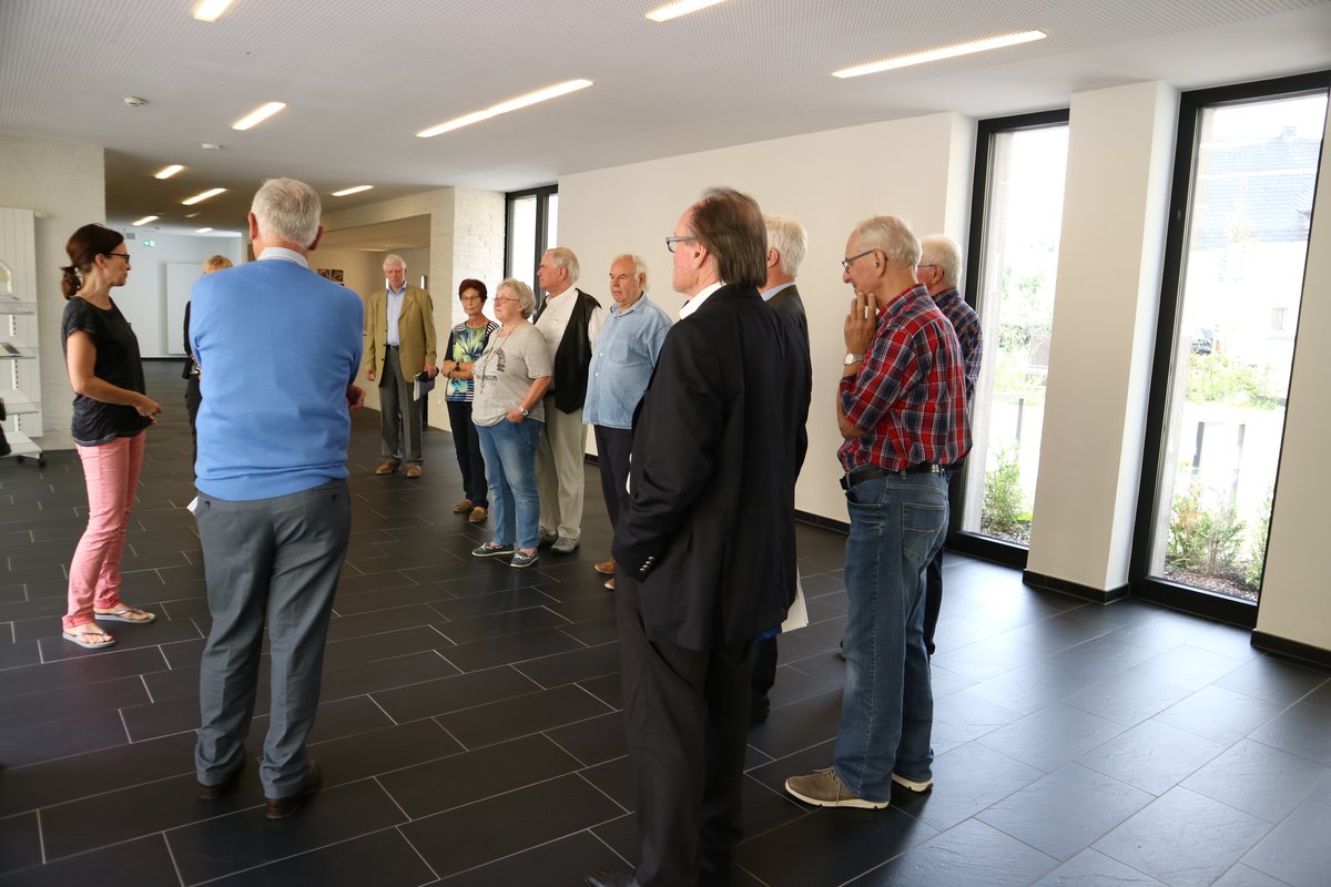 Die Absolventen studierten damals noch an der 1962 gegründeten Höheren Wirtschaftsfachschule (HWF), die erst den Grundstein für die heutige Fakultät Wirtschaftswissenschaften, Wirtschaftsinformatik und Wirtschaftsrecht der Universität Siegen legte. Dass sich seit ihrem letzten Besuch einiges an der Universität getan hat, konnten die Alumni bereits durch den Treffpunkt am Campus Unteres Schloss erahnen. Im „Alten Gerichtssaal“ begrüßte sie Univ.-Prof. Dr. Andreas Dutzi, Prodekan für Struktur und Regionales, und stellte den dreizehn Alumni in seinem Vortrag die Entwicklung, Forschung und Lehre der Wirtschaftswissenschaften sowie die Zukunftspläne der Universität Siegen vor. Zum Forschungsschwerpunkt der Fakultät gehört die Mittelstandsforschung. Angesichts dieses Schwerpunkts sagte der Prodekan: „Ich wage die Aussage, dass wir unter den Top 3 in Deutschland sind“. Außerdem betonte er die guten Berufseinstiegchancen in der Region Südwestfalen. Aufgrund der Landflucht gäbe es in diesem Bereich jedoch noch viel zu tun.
...
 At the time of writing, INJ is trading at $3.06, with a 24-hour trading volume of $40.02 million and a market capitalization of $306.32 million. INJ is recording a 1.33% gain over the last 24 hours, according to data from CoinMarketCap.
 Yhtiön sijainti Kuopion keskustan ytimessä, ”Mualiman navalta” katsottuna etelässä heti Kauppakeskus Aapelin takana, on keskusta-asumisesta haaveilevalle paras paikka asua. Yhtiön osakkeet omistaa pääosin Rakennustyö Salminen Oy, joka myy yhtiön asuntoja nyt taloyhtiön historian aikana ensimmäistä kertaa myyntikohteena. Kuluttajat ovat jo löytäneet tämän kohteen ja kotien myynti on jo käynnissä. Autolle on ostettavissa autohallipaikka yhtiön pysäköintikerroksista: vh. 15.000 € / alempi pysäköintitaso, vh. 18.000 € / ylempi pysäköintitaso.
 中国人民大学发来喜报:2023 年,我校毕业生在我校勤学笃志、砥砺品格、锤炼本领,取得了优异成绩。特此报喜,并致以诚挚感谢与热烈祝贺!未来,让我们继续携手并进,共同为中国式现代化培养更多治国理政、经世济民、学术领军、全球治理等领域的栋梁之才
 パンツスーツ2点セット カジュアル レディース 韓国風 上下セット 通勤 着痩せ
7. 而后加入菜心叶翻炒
--
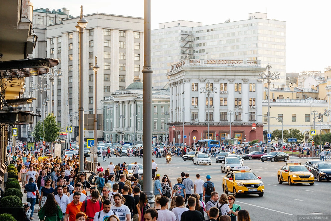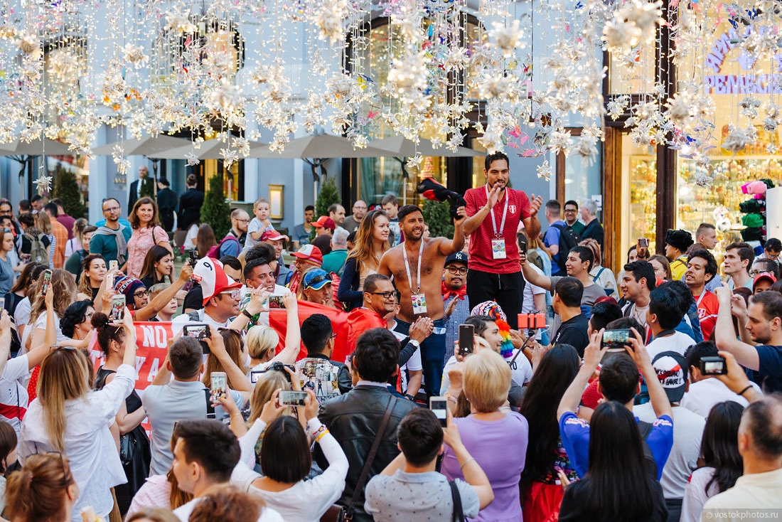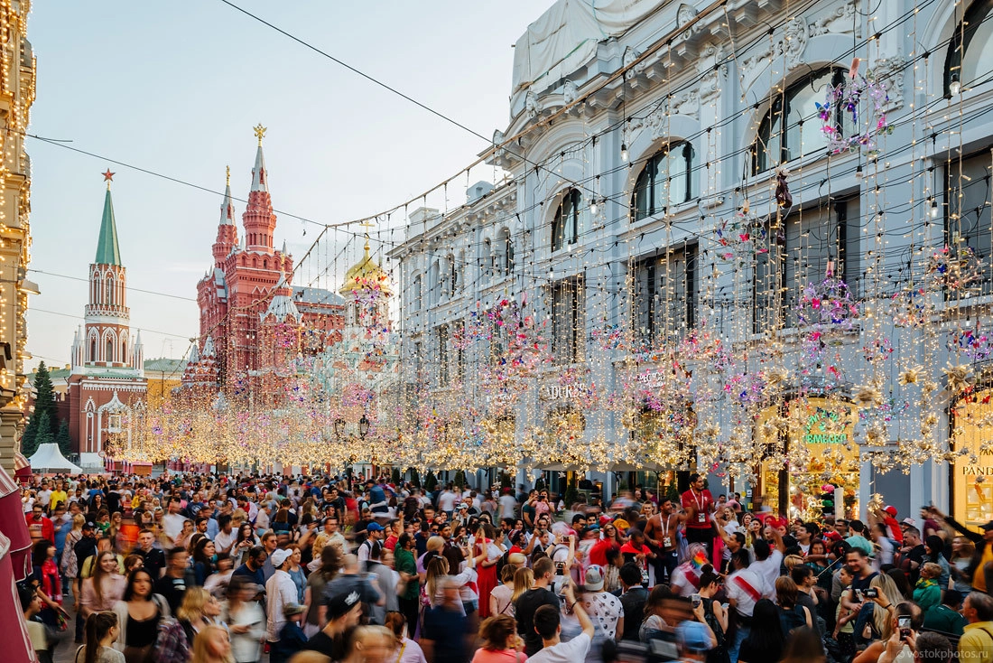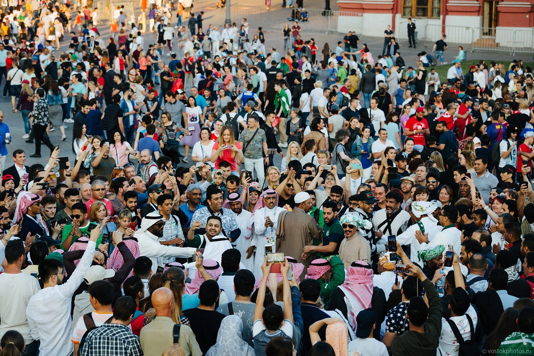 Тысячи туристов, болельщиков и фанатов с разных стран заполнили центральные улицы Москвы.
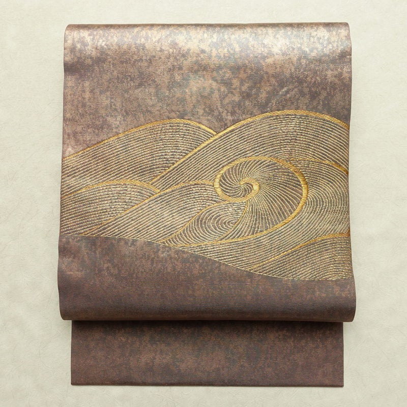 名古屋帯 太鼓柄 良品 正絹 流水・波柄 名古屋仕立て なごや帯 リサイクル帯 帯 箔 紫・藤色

* **Your assignment**
Within the data above, the span starting at the line containing "パンツスーツ2点セット カジュアル レディース 韓国風 上下セット 通勤 着痩せ" and ending at the line containing "7. 而后加入菜心叶翻炒" is to be retyped exactly, with no other lines.

* **Result of the exercise**
 パンツスーツ2点セット カジュアル レディース 韓国風 上下セット 通勤 着痩せ
7. 而后加入菜心叶翻炒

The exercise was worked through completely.